Copy verbatim the span of lines beginning at the line that contains "kişi siz olun" and ending with the final line of the data. Exclude pictures from the copy.

DATASET CONTENT —
>>>

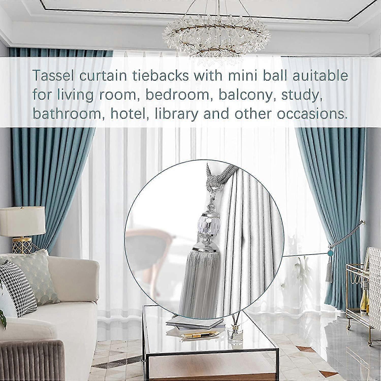 Tassel Curtain Tiebacks, 4 Pack Curtain Holdbacks, Window Drapery Decorative Crystal Ball Tassel Bra
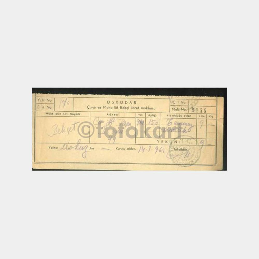 “1961 Üsküdar Bekçi Ücret Makbuzu” için yorum yapan ilk kişi siz olun
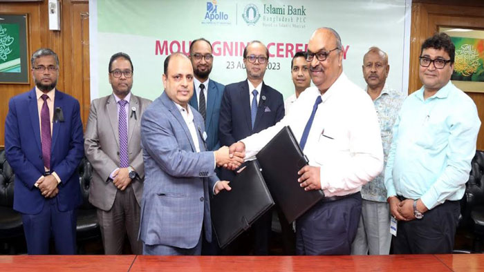 বুধবার ইসলামী টাওয়ারে ব্যাংকের ম্যানেজিং ডাইরেক্টর ও সিইও মুহাম্মদ মুনিরুল মওলার উপস্থিতিতে ডেপুটি ম্যানেজিং ডাইরেক্টর মো. আকিজ উদ্দীন ও অ্যাপোলো মাল্টি স্পেশালিটি হাসপাতাল কলকাতার সিইও রানা দাসগুপ্ত এ সংক্রান্ত সমঝোতা স্মারকে নিজ নিজ প্রতিষ্ঠানের পক্ষে স্বাক্ষর করেন।

<<<

RESPONSE TO THE EXERCISE —
 “1961 Üsküdar Bekçi Ücret Makbuzu” için yorum yapan ilk kişi siz olun
 বুধবার ইসলামী টাওয়ারে ব্যাংকের ম্যানেজিং ডাইরেক্টর ও সিইও মুহাম্মদ মুনিরুল মওলার উপস্থিতিতে ডেপুটি ম্যানেজিং ডাইরেক্টর মো. আকিজ উদ্দীন ও অ্যাপোলো মাল্টি স্পেশালিটি হাসপাতাল কলকাতার সিইও রানা দাসগুপ্ত এ সংক্রান্ত সমঝোতা স্মারকে নিজ নিজ প্রতিষ্ঠানের পক্ষে স্বাক্ষর করেন।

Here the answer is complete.